Taking note of modern fiction’s apparent preoccupation with characters’ inner lives, psychologists have begun to investigate how reading habits relate to individual differences in the psychological processes involved in understanding others’ mental states in the real world. Raymond Mar and his colleagues (Mar, Oatley, Hirsh, de la Paz, & Peterson, 2006; Mar, Oatley, & Peterson, 2009) gave this line of research initial empirical traction with two studies designed to test whether exposure to fiction would positively predict performance on an advanced test of mental-state understanding, or Theory of Mind (ToM).
ToM was assessed using the Reading the Mind in the Eyes Test (RMET; Baron-Cohen, Wheelwright, Hill, Raste, & Plumb, 2001), which requires that participants correctly identify complex mental states (e.g., contemplative, confident) shown in images of actors’ eyes. Familiarity with fiction was measured with the Author Recognition Test (ART). The ART consists of a list containing names of authors and non-authors, and participants are asked to select those they recognize as authors. Participants who select more authors are also more likely to prefer reading to other activities, report reading regularly (Stanovich & Cunningham, 1992; Stanovich, West, & Harrison, 1995), and include fiction on an online shopping wishlist (Rain & Mar, 2014).

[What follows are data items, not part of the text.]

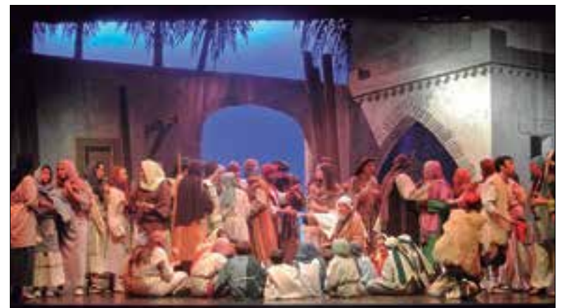
Una representació d'anys anteriors. ✦ CÍRCOL CATÒLIC
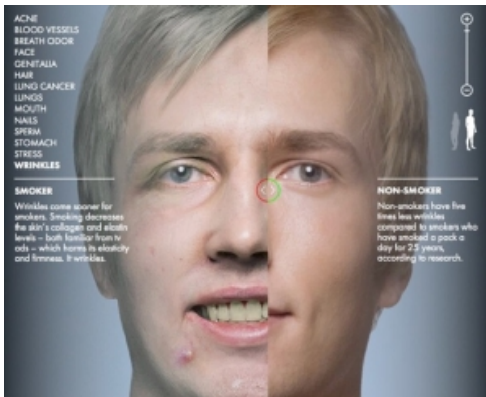
Comparaison d'un visage de fumeur avec celui d'un non-fumeur.

Alors prenons l'exemple de l'homme et intéressons-nous au visage
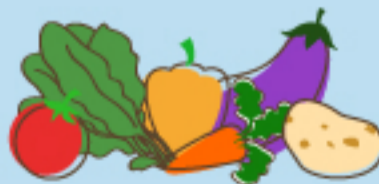
Verduras / Hortalizas
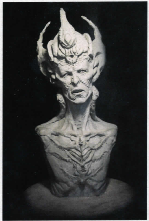
David Bowie Alien Shaman
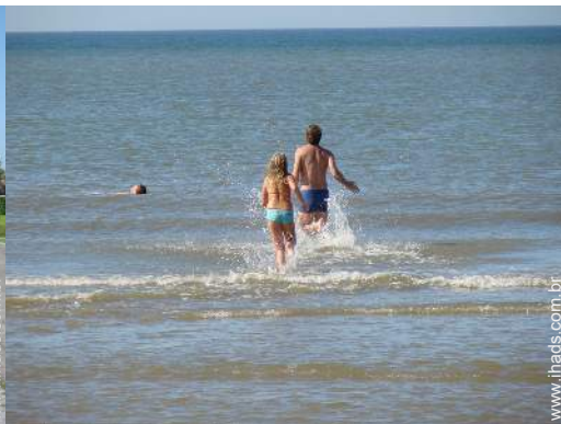
actividades balneares nas proximidades
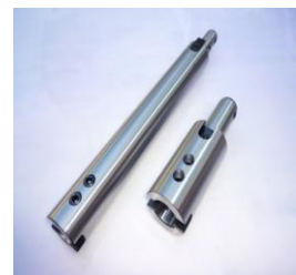
中間バー（エクステンションバー）
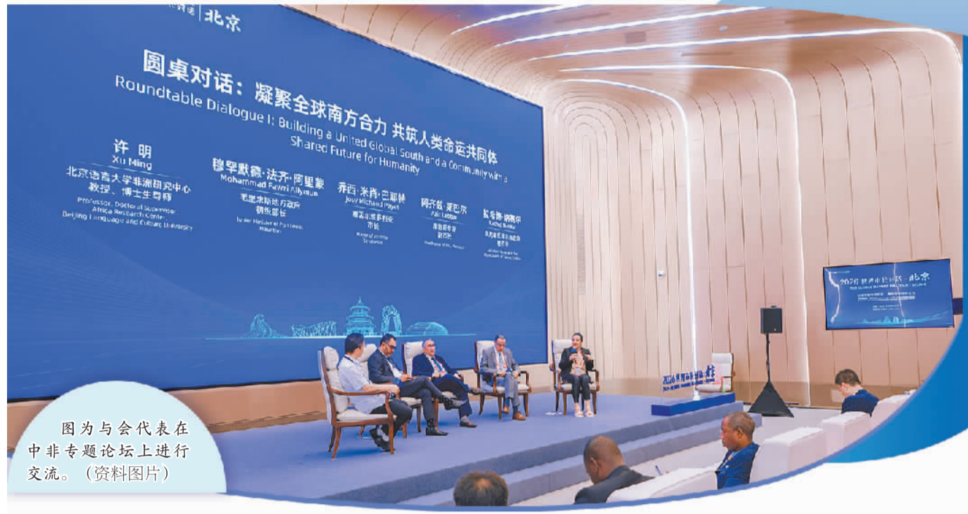
图为与会代表在中非专题论坛上进行交流。

老文明的重要发源地，各自的语言习俗、历史文脉、价值理念和文化遗产，都是联通民众情感的天桥。哈吉·萨尔·费耶说，“地方政府是中非民间交流落地的关键载体，也是落实中非合作论坛各项部署的重要抓手。非洲城市可借鉴中国在城市规划、基础设施建设、数字化转型、脱贫攻坚、产业升级等领域的成熟经验，推动城市可持续发展。”
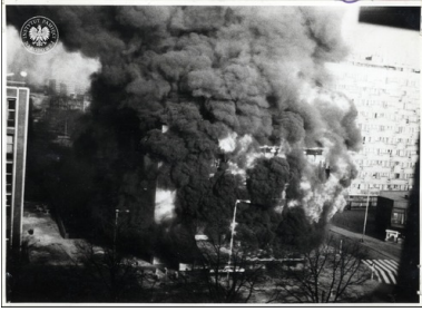
Pożar K o m b i n a t u Gastronomicznego „Kaskada”, 27 kwietnia 1981 r.
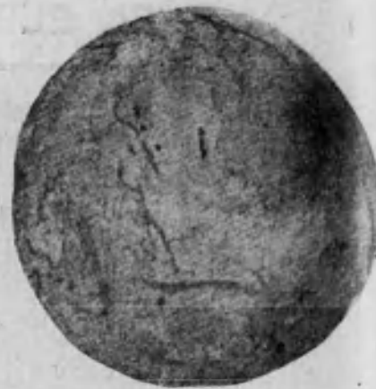
Bola de opio sin refinar ni preparar, de que se surte el comercio en gran escala.

piritalidad: los lunáticos, los románticos, los visionarios son condenados a morir en la «Gloria de los ahorcados». La Humanidad tiene que convertirse a la fuerza en un gran rebaño sano y pacífico. La Ciencia quiere la higiene para hacer razas fuertes, pero eunucos; para que no haya nunca en la manada-reses que se
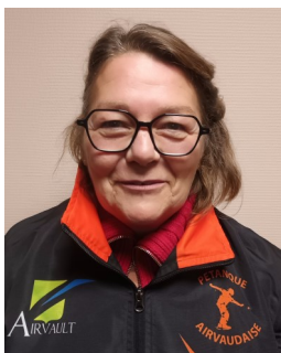
MEMBRE DU BUREAU :
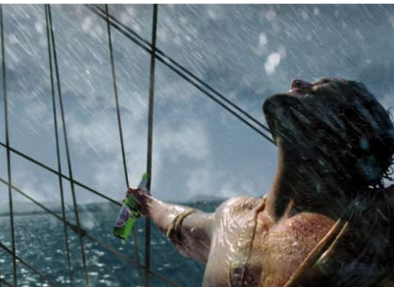
Kommunikativer Besitzstand: Sehnsucht nach der Sehnsucht

Aber eine Marke wie Fisherman's Friend besitzt etwas, das sie von vielen anderen Marken unterscheidet: einen kommunikativen Besitzstand. Mit diesem Begriff bezeichnen wir ein (in der Regel) über einen längeren Zeitraum erworbenes, hart erarbeitetes Portfolio von Symbolen und Zeichen, Bildern, Jingles, Dramaturgien, Claims oder anderen Elementen, die aus der Marke stammen können, für die Marke erworben wurden und die die Marke unverwechselbar repräsentieren. Kommunikativer Besitzstand ist das Ergebnis von kontinuierlicher Markenkommunikation, die über die Zeit (und über viele Kampagnen) mit kohärenten Elementen die Konsistenz des kommunikativen Markenbildes gewährleistet hat. In der Regel wurde dabei das Prinzip der Selbstähnlichkeit der Marke gewahrt.

Results of both studies showed that familiarity with fiction (ART score) was positively related to performance on the test of ToM (RMET score), even after accounting for exposure to nonfiction, age, gender, general intelligence, self-reported empathy, and openness to experience. These results show that exposure to fiction, at least as indicated by high ART scores, positively correlates with an important socio-perceptual skill. Yet, the manner of assessing exposure to fiction used in these studies seems to gloss over the fact that fiction is not a homogeneous category.
The diversity of fiction can be mapped in many ways, but where and why boundaries should be drawn is invariably contentious. Some scholars have focused on variation across popular genres in the importance of characters’ thoughts and emotions within the story relative to the plot or setting. For example, recent research has shown that familiarity with romance fiction, which is focused on relationships and emotions, positively relates to ToM, but familiarity with other genres (e.g., thriller, science fiction) does not (Fong, Mullin, & Mar, 2013).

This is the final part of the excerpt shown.